Data excerpts:
---
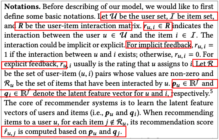 이제 본 논문에서 제안한 추천 시스템 모델을 살펴봅니다. 먼저, 본 논문에서 사용한 기호 notation을 정리합니다.
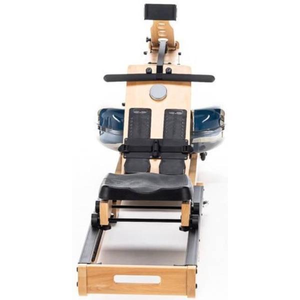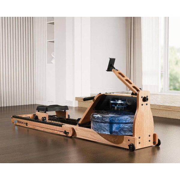 Гребной тренажер Merach MR-950W1Z коричневого цвета оснащен LED-дисплеем диаметром 6,8 см. Индикация показывает время занятий, количество сожженных калорий, дистанцию, скорость, количество гребков. Габариты модели — 60х55х213 см. Вес изделия — 35 кг. Складной корпус оснащен компенсаторами неровности пола, эргономичным сиденьем. Тренажер выдерживает вес до 150 кг. Тип системы нагружения — электромагнитный. Присутствуют удобные колесики для перемещения, бак на 20 л. Рама сделана из прочного дерева. Прибор можно хранить в вертикальном положении.
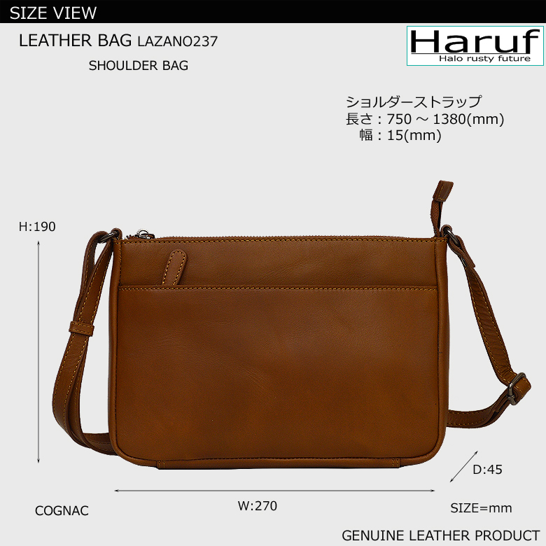 普段使いから旅行まで使える小さめサイズの本革レザーショルダーバッグ。
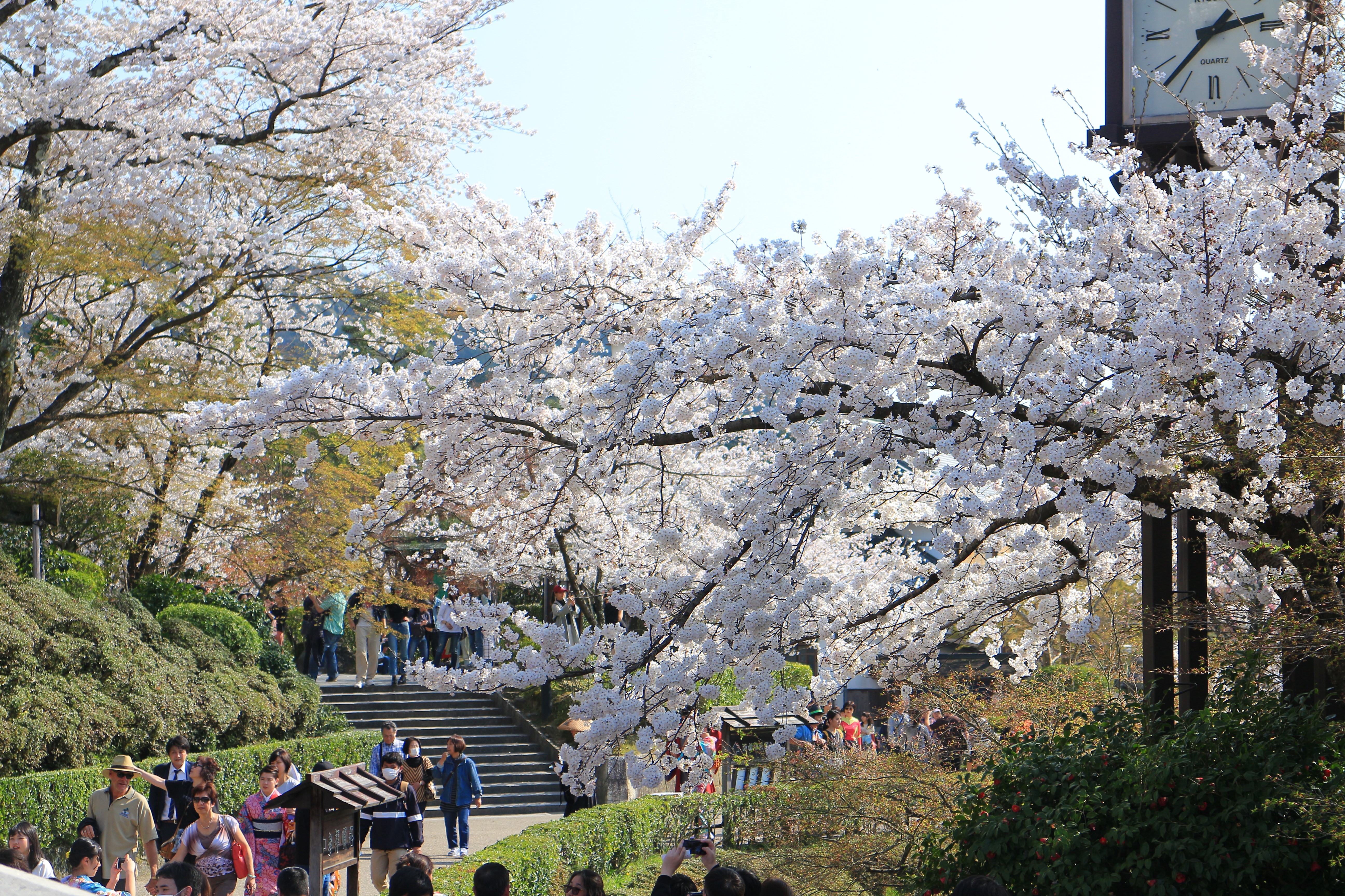 除了美麗的粉櫻之外,清水寺內也有純潔白色的櫻花,我只能很感謝室友誤打誤撞的訂了那時候的機票~((當初還一直碎念他買太貴 :P))
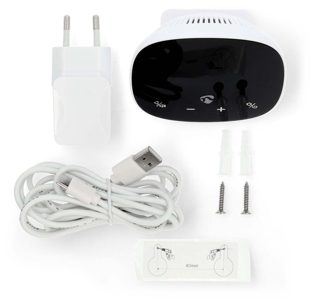 Součástí balení je držák na stěnu, USB kabel a napájecí adaptér.
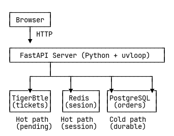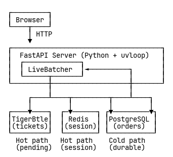 So I built it. Three days later, I had a working demo. What started as an educational project became a 19-day optimization journey that pushed the system to 977 ticket reservations per second—15x faster than the Oasis baseline1. All in Python.
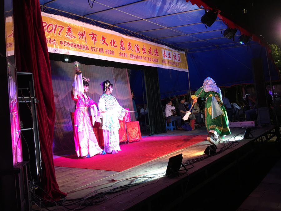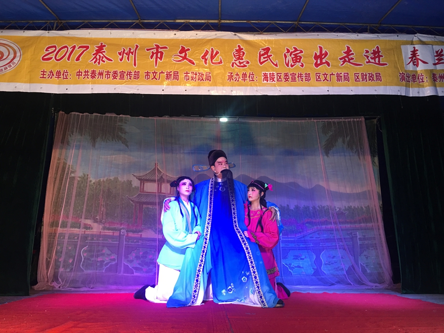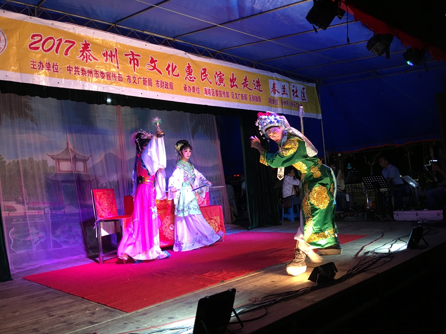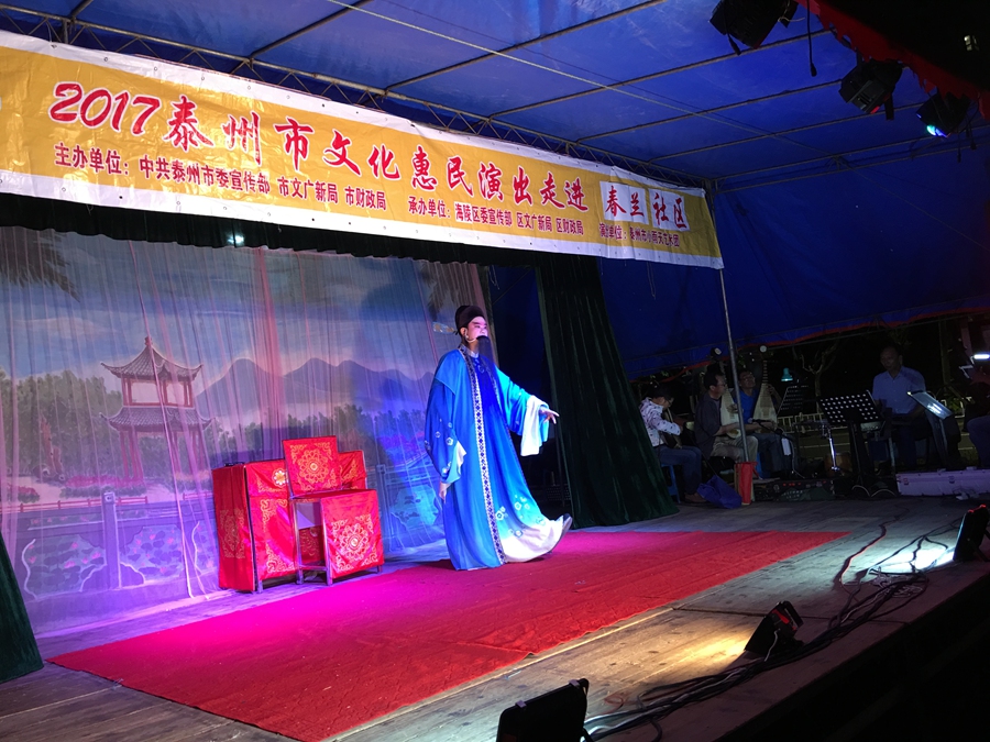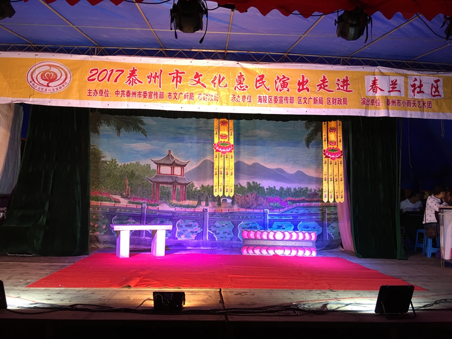 2017年月30日晚,应海陵区城东街道春兰社区邀请,小雨天艺术团走进金通梅园二期广场,为基层社区居民演出了一场经典传统扬剧全本戏《宝莲灯》。为了保证社区群众的欣赏效果,按社区领导安排,艺术团动用了戏曲演出专用舞台,下午5点,社区主要领导和小雨天艺术团就来到演出现场,为晚上的演出做好了充分准备。节目晚上正点准时开演,现场300多的社区观众看的是兴致勃勃,高潮之时的广场更是掌声雷动,很多观众都说,看到这样的正规化演出,才是感觉到了真正的文化惠民。因现场社区观众的盛情,正本演出后还添续了折子戏段加唱,整场演出持续了近3小时之多...
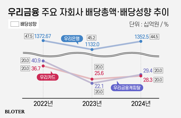 우리은행과 비교하면 우리카드·우리금융캐피탈 등 주요 자회사의 배당수익 기여도는 저조하지만 배당성향은 20% 안팎에서 관리되고 있다. 대표적으로 우리카드와 우리금융캐피탈은 순이익의 20%인 294억원과 283억원을 지주에 배당금으로 지급한다.
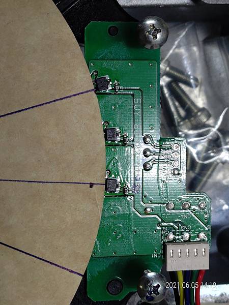 由上面照片可以更加確定原廠的霍爾擺放方式是60度,因為霍爾之間的間隔是10度角,為了解決這個問題,所以我們手工焊接了一塊120角度擺放方式的霍爾感應PCB,霍爾與霍爾之間的夾角為20度,另外特別說明一下我焊接的這一塊PCB上的霍爾感應器由左邊數過來第一個的位置與原廠第一個的位置是相同的,第二個霍爾感應器的位置與原廠第三個的位置是相同的,第三個才是用角度的差異去推算出來的,至於為什麼要這樣做後面會再詳細說明,PCB焊接好之後照片如下:
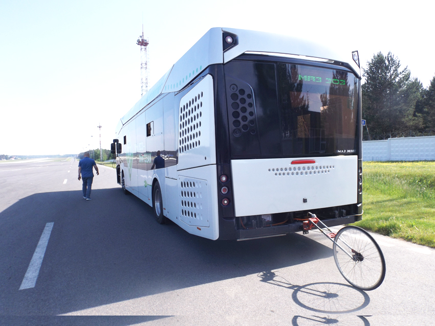 Почти полдень. На обратном пути к автозаводу Александр Иванович резюмирует: «Аварийная тормозная система, по данным прибора, немного до норматива не дотягивает. Недостаточное замедление. Возможно, что-то в тормозных камерах или надо колодкам дать больше времени на приработку для лучшей работы — будем совместно с конструкторами выяснять. Интересно, что в автобусе МАЗ 303266 и электробусе МАЗ 303Е10 фактически одна тормозная система, однако вторая не прошла все эти испытания также успешно. Но ведь для того это и нужно, чтобы доводить дело до совершенства».
---
PROBLEM STATEMENT: Copy every line above exactly; images stay out.

COMPLETED TASK:
 이제 본 논문에서 제안한 추천 시스템 모델을 살펴봅니다. 먼저, 본 논문에서 사용한 기호 notation을 정리합니다.
 Гребной тренажер Merach MR-950W1Z коричневого цвета оснащен LED-дисплеем диаметром 6,8 см. Индикация показывает время занятий, количество сожженных калорий, дистанцию, скорость, количество гребков. Габариты модели — 60х55х213 см. Вес изделия — 35 кг. Складной корпус оснащен компенсаторами неровности пола, эргономичным сиденьем. Тренажер выдерживает вес до 150 кг. Тип системы нагружения — электромагнитный. Присутствуют удобные колесики для перемещения, бак на 20 л. Рама сделана из прочного дерева. Прибор можно хранить в вертикальном положении.
 普段使いから旅行まで使える小さめサイズの本革レザーショルダーバッグ。
 除了美麗的粉櫻之外,清水寺內也有純潔白色的櫻花,我只能很感謝室友誤打誤撞的訂了那時候的機票~((當初還一直碎念他買太貴 :P))
 Součástí balení je držák na stěnu, USB kabel a napájecí adaptér.
 So I built it. Three days later, I had a working demo. What started as an educational project became a 19-day optimization journey that pushed the system to 977 ticket reservations per second—15x faster than the Oasis baseline1. All in Python.
 2017年月30日晚,应海陵区城东街道春兰社区邀请,小雨天艺术团走进金通梅园二期广场,为基层社区居民演出了一场经典传统扬剧全本戏《宝莲灯》。为了保证社区群众的欣赏效果,按社区领导安排,艺术团动用了戏曲演出专用舞台,下午5点,社区主要领导和小雨天艺术团就来到演出现场,为晚上的演出做好了充分准备。节目晚上正点准时开演,现场300多的社区观众看的是兴致勃勃,高潮之时的广场更是掌声雷动,很多观众都说,看到这样的正规化演出,才是感觉到了真正的文化惠民。因现场社区观众的盛情,正本演出后还添续了折子戏段加唱,整场演出持续了近3小时之多...
 우리은행과 비교하면 우리카드·우리금융캐피탈 등 주요 자회사의 배당수익 기여도는 저조하지만 배당성향은 20% 안팎에서 관리되고 있다. 대표적으로 우리카드와 우리금융캐피탈은 순이익의 20%인 294억원과 283억원을 지주에 배당금으로 지급한다.
 由上面照片可以更加確定原廠的霍爾擺放方式是60度,因為霍爾之間的間隔是10度角,為了解決這個問題,所以我們手工焊接了一塊120角度擺放方式的霍爾感應PCB,霍爾與霍爾之間的夾角為20度,另外特別說明一下我焊接的這一塊PCB上的霍爾感應器由左邊數過來第一個的位置與原廠第一個的位置是相同的,第二個霍爾感應器的位置與原廠第三個的位置是相同的,第三個才是用角度的差異去推算出來的,至於為什麼要這樣做後面會再詳細說明,PCB焊接好之後照片如下:
 Почти полдень. На обратном пути к автозаводу Александр Иванович резюмирует: «Аварийная тормозная система, по данным прибора, немного до норматива не дотягивает. Недостаточное замедление. Возможно, что-то в тормозных камерах или надо колодкам дать больше времени на приработку для лучшей работы — будем совместно с конструкторами выяснять. Интересно, что в автобусе МАЗ 303266 и электробусе МАЗ 303Е10 фактически одна тормозная система, однако вторая не прошла все эти испытания также успешно. Но ведь для того это и нужно, чтобы доводить дело до совершенства».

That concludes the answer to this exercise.